The Joy of Coding: Observable

I like coding, I really do. I am retired and I code for fun. I also like learning about new languages, frameworks, and visualization tools. Coding is much more fun in software artist mode, than it is in software engineering mode. The difference is an artist codes what he wants to code whereas an engineer codes what someone else thinks they want. This is a story about my experience exploring Observable "The magic notebook for exploring data and thinking with code." It all started Monday morning when, like I have every Monday morning for the last 10 years, I opened the "Monday Morning Tickler" puzzle email from my good friend RJ Mical. RJ was instrumental in the development of the Amiga, the Atari Lynx, and the 3DO Machine. He is currently director of Games at Google. (Note to self: write a software-artist tribute blog post about RJ). Here was the Tickler Puzzle for January, 20th.

Today's Monday Morning Tickler: Four of a Kind

Imagine we have a deck of 52 standard playing cards.

First question:  How many cards do we have to draw until we can be sure
that we have four of a kind?  In other words:  What is the minimum
number of cards we must draw until we can be certain that four of those
cards are the same kind?

Second question:  What if we started from a tall stack made of TWO decks
of 52 standard playing cards.  How many cards do we have to draw from
this stack until we can be sure that we have four of a kind, where it's
OK to have two of a kind from the same suit?

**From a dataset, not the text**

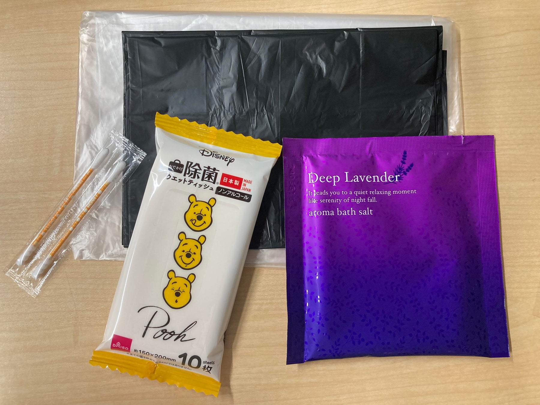 赤ちゃんをお連れのお客様に無料でお渡ししているオムツ用ごみ袋・お尻拭き・綿棒・入浴剤のセットは子供を育てた経験のあるスタッフからの発案で始めたサービスです。あると嬉しい備品から、大浴場にまだ入ることのできない赤ちゃんを連れたお客様にお部屋で寛いでほしいという願いを込め、入浴剤をお渡ししております♪
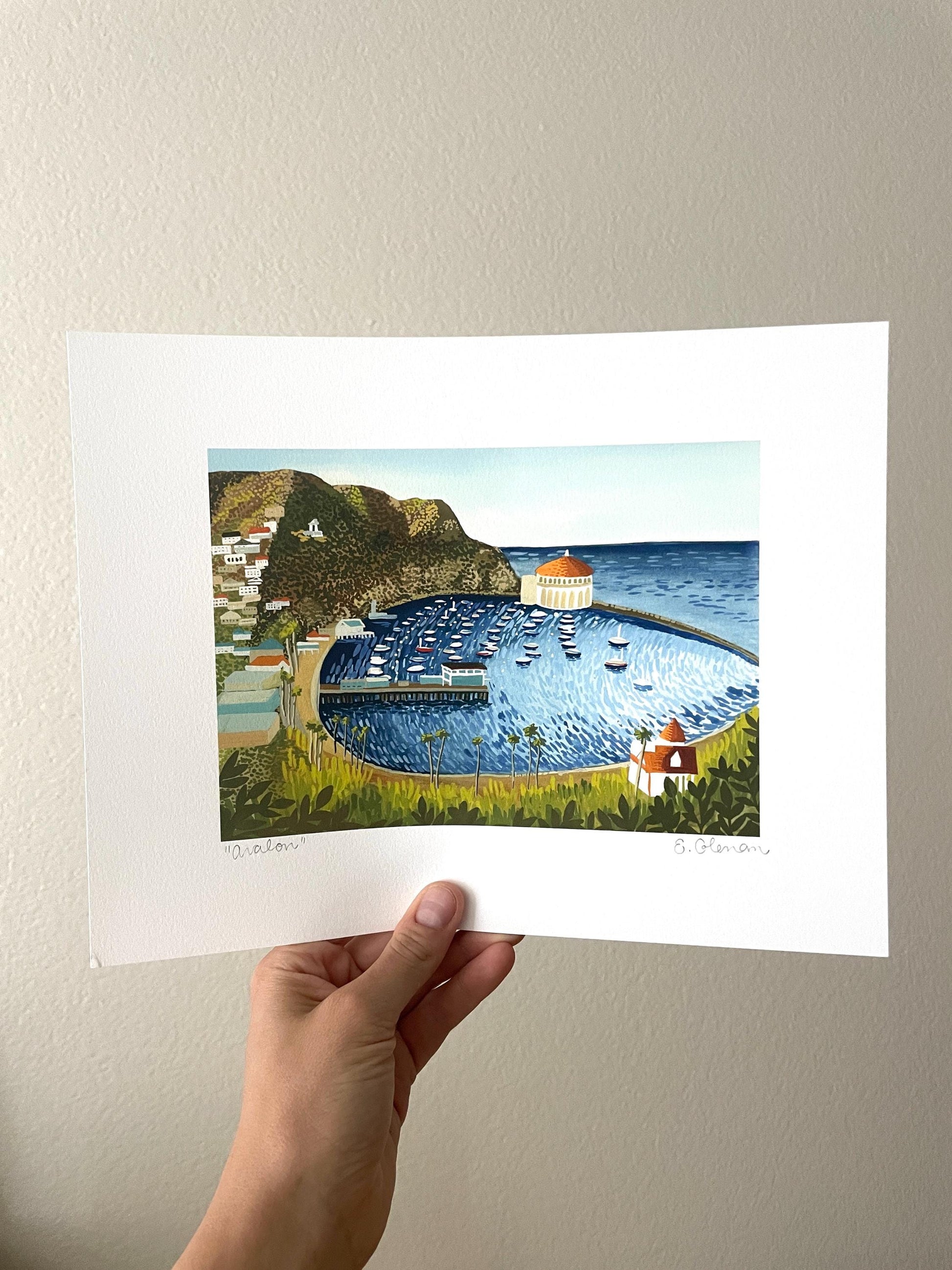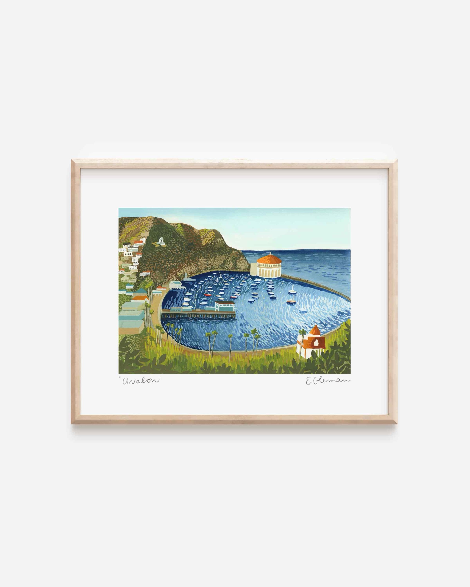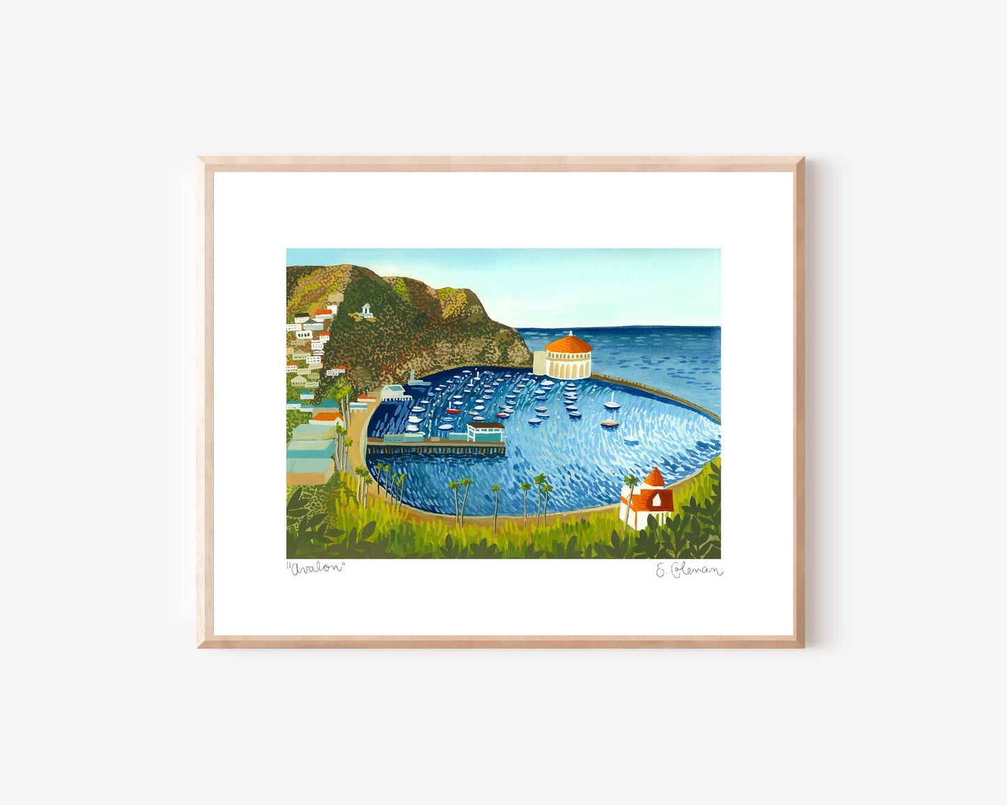 This depiction of the port at Avalon, Catalina shows one of the most popular destinations of the Channel Islands in colorful detail. Spot the Catalina Casino, homes nestled in the hills, and numerous boats and yachts harbored close to the colorful coast.

Third question:  On average, with a standard deck of cards, how many
cards do we have to draw to get four of a kind?

The first two questions were easy, but the statistics knowledge necessary to answer the third question had left my brain many decades ago, if it was indeed ever there. I knew it would be relatively easy to simulate this in code so I decided to do this. The first question was what language, and what platform. Since I thought I might want to share my simulations with others, the obvious choice for platform is the browser, which made JavaScript or ES6 as the choice for language.

I had recently heard about Observable, the magic notebook for exploring data and thinking with code. Observable was created by, and the company founded by Mike Bostock. Here is Mike's short bio from his Observable account: Building a better computational medium. Founder @observablehq. Creator @d3. Former @nytgraphics. Pronounced BOSS-tock. I have used d3.js in the past and found it beautifully elegant. One of Maynard's laws about programming is:

Most truly elegant software systems have a single visionary software artist at their core

Teams are great at software engineering, visionaries create software art. Some examples include: Mike Bostock with d3 and Observable, Guido van Rossum with Python, John McCarthy with LISP, Niklaus Wirth with Pascal, Bill Atkinson with HyperCard, and Bill Duvall with ugh (uncommonly good hack), an implementation of Engelbart's NLS text editor on the Xerox ALTO with mouse and keyset.

Another of Maynard's laws about programming is:

To learn a new language or system you must choose a suitable problem and use the environment to implement, test, and debug the problem.

RJ's four of a kind question provided the a great vehicle for learning Observable. In Observable this means creating an interactive page called a notebook which solves the problem and provides both a UI and live code which the viewer can see and even modify. I started on Monday afternoon, and by Tuesday evening I had a working notebook which you see and interact with here.

Not Normal Curve

When you go to the notebook check the Replace card to deck after drawing it checkbox and instantly the chart and html reflect the change. Normal Curve When you replace the cars in the deck after drawing the curve becomes a normal distribution, unlike list distribution with replacement.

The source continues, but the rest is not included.